May 21, 2015
New data has found the vast majority of Australians are “worried” about their financial situation.
According to Mortgage Choice's 2015 Money Survey, 53.6% of Australians indicated that they were either “very worried” or “concerned” about their finances – slightly up on this time last year.
Mortgage Choice spokesperson Jessica Darnbrough said while the vast majority of respondents are concerned by their financial situation, the survey shows most Australians are actually saving more money and paying off debt faster than ever before.
“When asked how much debt (excluding a mortgage) they had, 56.0% of Australians said they had less than $10,000 in debt, with 43.2% of those saying their debt was actually less than $5,000,” she said.
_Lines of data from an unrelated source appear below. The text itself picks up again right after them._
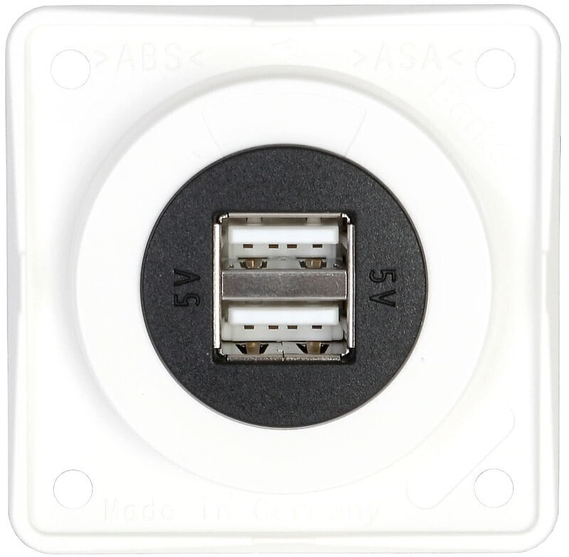 USB-latauspistorasia kanavainen. maksimi latausvirta per kanava 2.5A. maksimi latausvirta yhteensä 5A ladattaessa kummastakinkanavasta samanaikaisesti. syöttöjännite 8-34VDC. väri kehys puhtaanvalkoinen matta. keskiö musta. 15cm liitäntäkaapelilla 12 V USB -latauspistorasia 2-osainen Tulojännite 12 ... 24 VDC Lähtöjännite 5 VDC Lähtövirta maks. per lähtö 2,5 A Tehonkulutus (lepotila) 100 mW Datansiirto ei mahdollinen! − mobiililaitteiden kuten tablettien, älypuhelinten, navigointilaitteiden ja digitaalikameroiden lataukseen USB-kaapelilla − 2:lla USB-pistokkeella tyyppi A − esiasennettu liityntäkaapeleilla (punainen, musta), pituus noin 15 cm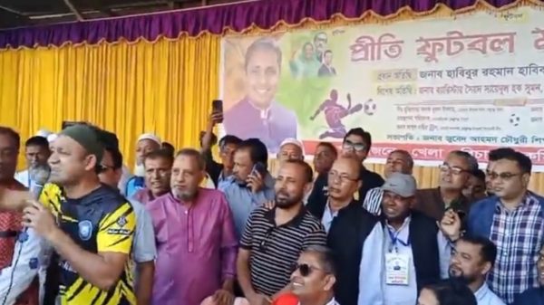 শনিবার ফেঞ্চুগঞ্জে অনুষ্ঠিত ব্যারিস্টার সুমন ফুটবল একাডেমি এবং এমপি হাবিব একাদশের মধ্যকার খেলা অনুষ্ঠিত হয়। খেলার শুরুতেই স্বাগত বক্তব্যে ব্যারিস্টার সুমন বলেন, শুধু খেলতে আসিনি ফেঞ্চুগঞ্জের সাথে আত্মীয়তা করতে এসেছি।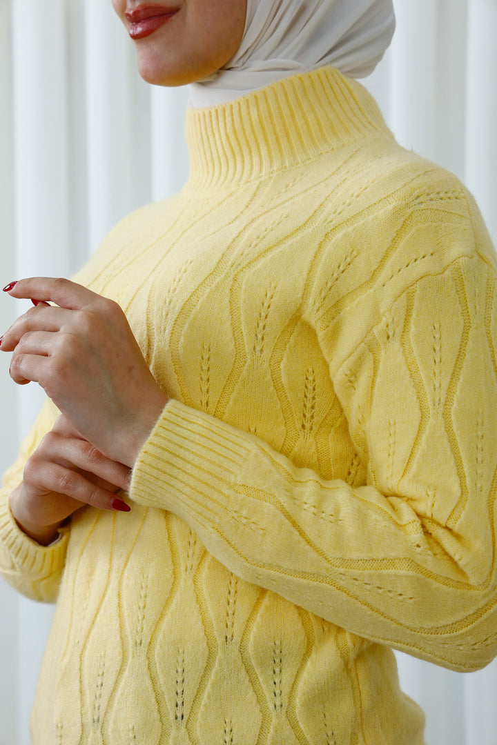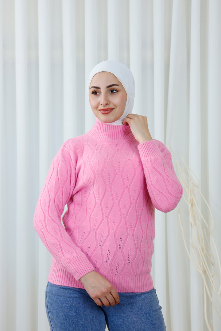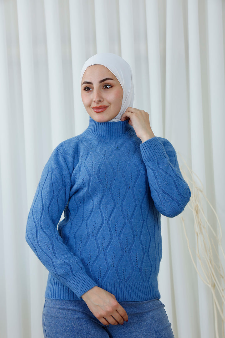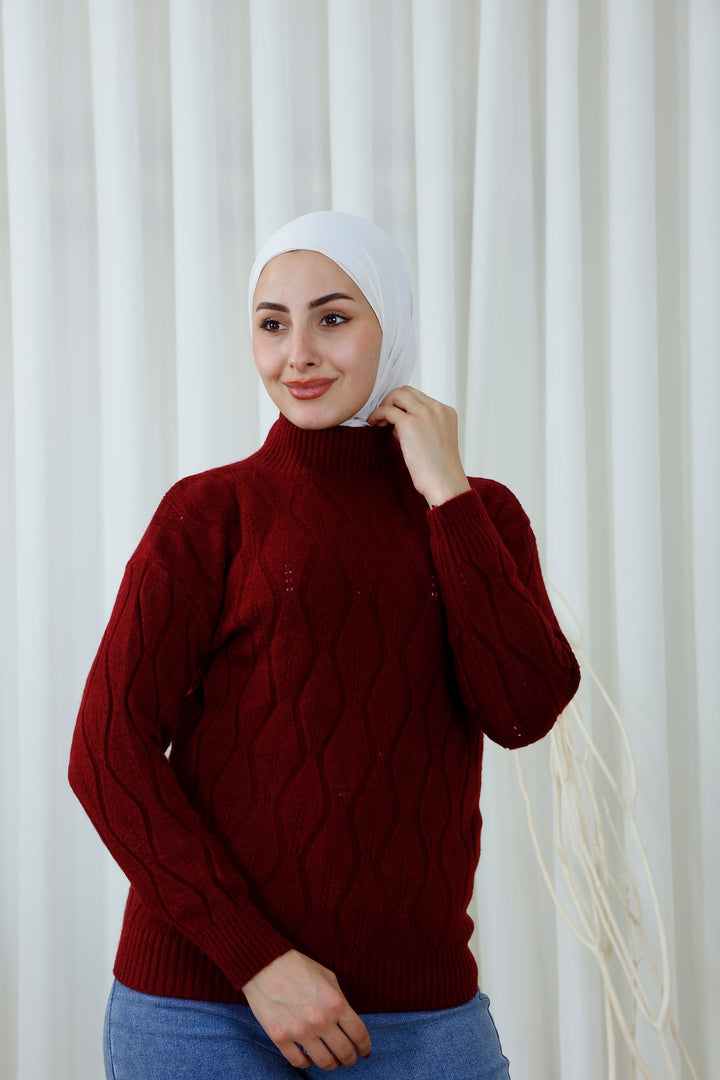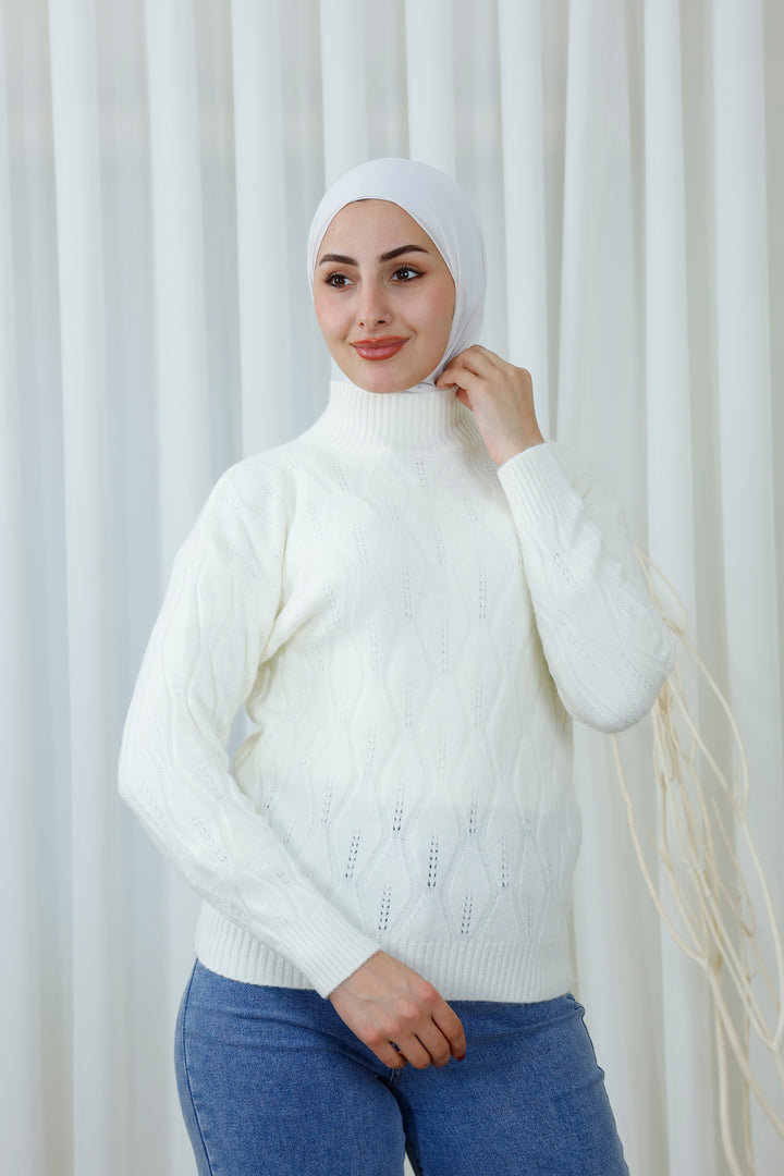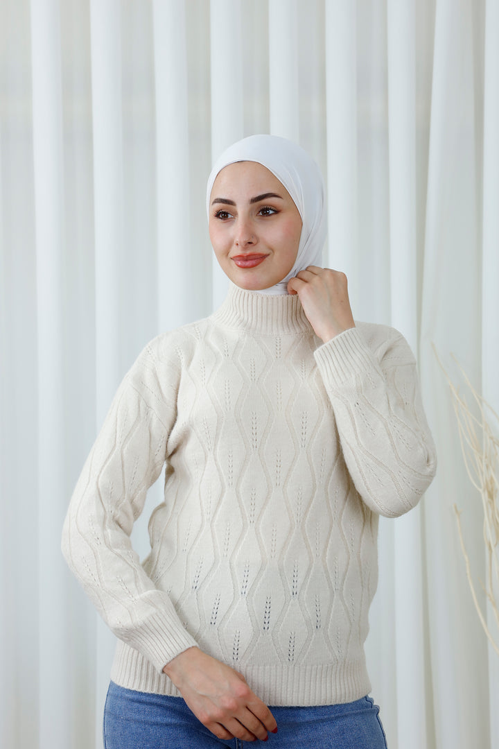 Bring subtle elegance to your wardrobe with this high-neck sweater featuring a beautifully textured vertical pattern and delicate decorative details. Designed with a relaxed silhouette and a cozy neckline, this piece blends modest fashion with timeless charm. The intricate design adds depth and visual interest, making it perfect for layering or wearing solo.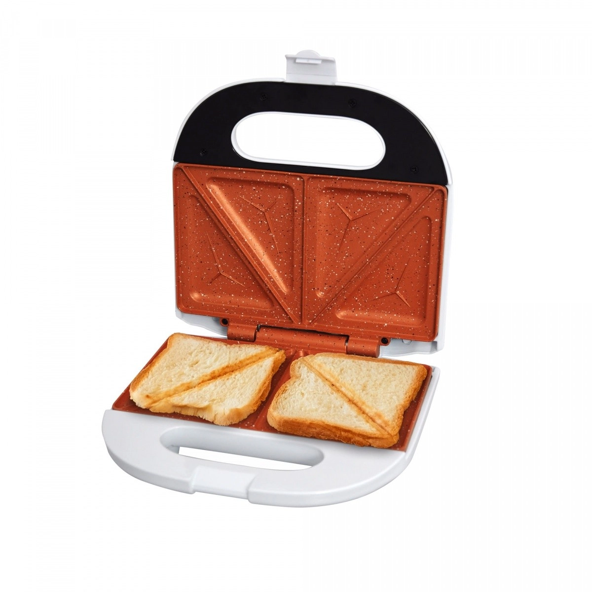 Divas trīsstūrveida plāksnes vienmērīgi apcep gan maizi, gan pildījumu. Ideāli ātrām brokastīm, uzkodām vai vakariņām.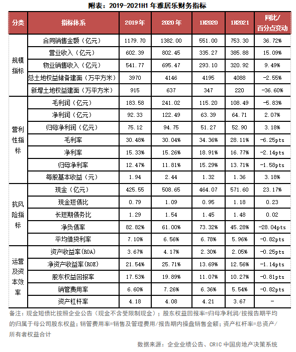 【營(yíng)收同比增長(zhǎng)15%,盈利能力尚屬穩(wěn)健】上半年?duì)I業(yè)收入為385.88億元,同比增長(zhǎng)15.1%。當(dāng)前合同負(fù)債規(guī)模有限,為保證營(yíng)收穩(wěn)定,動(dòng)態(tài)調(diào)整推盤節(jié)奏,會(huì)考驗(yàn)企業(yè)的研判能力和應(yīng)變能力。毛利率為28.1%,同比下降6.3個(gè)百分點(diǎn)。2021年上半年企業(yè)獲取土地成本增加,當(dāng)前總土儲(chǔ)成本由2020年的3627元/平方米上升至3700元/平方米。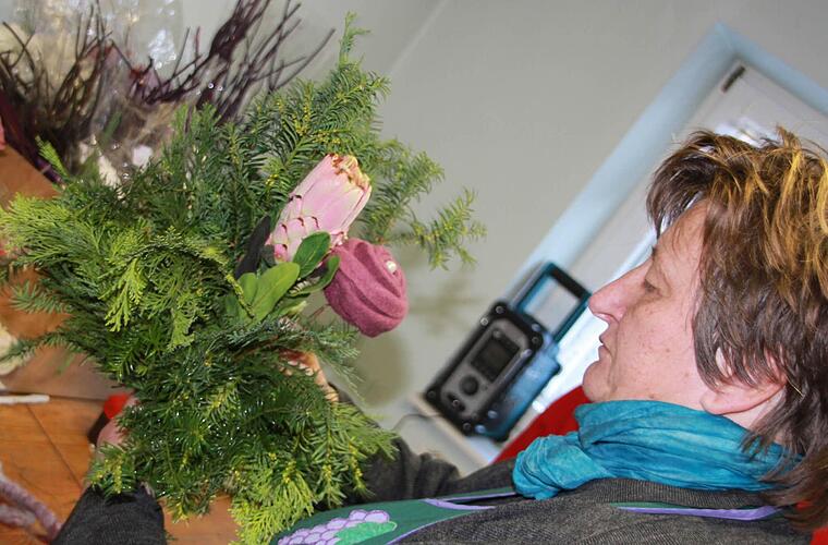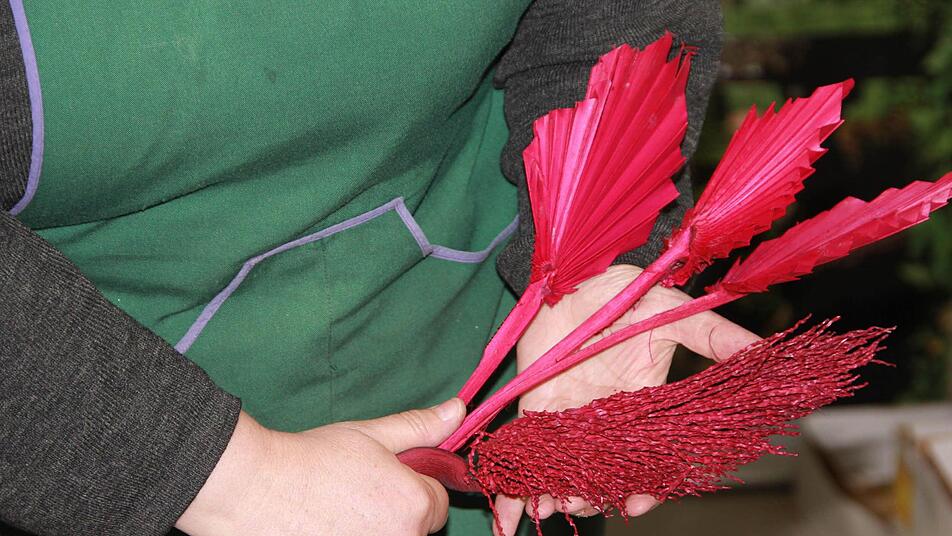 Nicht nur im Hof, der Scheune, Garage oder auf der Treppe zum Eingang reihen sich Grabgestecke, kleine Buchsbäumchen und Erika-Töpfchen nebeneinander - das ganze untere Stockwerk des Familienhauses ist voll mit buntem Krempel. In weißen Schuhkartons verteilt, und auf Biertischen gestapelt. Ein kreatives Chaos, durch das sich allein die Hausherrin zu wursteln weiß. "Als ich noch auswärts Kurse gegeben habe, musste ich immer Kisten schleppen", sagt Maria Müller und erinnert sich, wie sie am Anfang ihrer Floristen-Karriere - in ihrem Fall ohne offiziellen Ausbildungsgrad - den Hausmeister herzlich bestechen musste, wenn die bastelnden Frauen zur Sperrstunde noch nicht ganz fertig waren. Wenn sie die Kurse jetzt, wie dieser Tage für den Eltmanner Obst- und Gartenbauverein, gibt, dann hat sie alles in Griffweite.

“Furthermore, one in every three Australians indicated that they had more than $20,000 in savings – up from the previous year. In 2014, less than 30% of respondents indicated that they had more than $20,000 in savings, with 49.9% stating that they had less than $10,000 stored away in their bank account.
“Finally, the majority of Australians said they like to keep a close eye on their day to day spending habits, with 60.8% admitting they check their bank accounts at least once a week – up from 55.9% in 2014.
“All of this data would suggest Australians are becoming increasingly savvy when it comes to managing their finances and controlling their spending.”
Of course, while the survey results would suggest Australians continue to hone and improve their money management skills, Ms Darnbrough said the fact that so many Australians are worried about their financial situation cannot be underestimated.
“For those who do worry about their financial situation on a regular basis, there are a few easy tricks they can implement to better manage their finances, save more money and pay down their debts faster,” she said.
Mortgage Choice identifies the top three tips Australians can implement to better manage their finances:
- Consolidate: If you have quite a bit of credit card debt or a few personal loans with high interest rates, you might consider consolidating this debt into your home loan. Consolidating your existing debt into your home loan can help you to reduce the interest you pay on each of your debts – as the interest rate on a home loan is generally a lot lower than the interest charged on credit cards.
- Transfer balances: If you have a sound credit history but a few credit cards with high interest rates, you may be able to negotiate with your financial institution to have your credit card debt transferred onto another card with a lower interest rate. Sometimes you can even get a low introductory interest rate and use this period to make extra payments on your card.
- Use a high interest savings account: By investing your money into a high interest savings account you could be regularly earning interest on your savings. These accounts often cannot be accessed via ATM or EFTPOS, which should also help to reduce any impulse spending.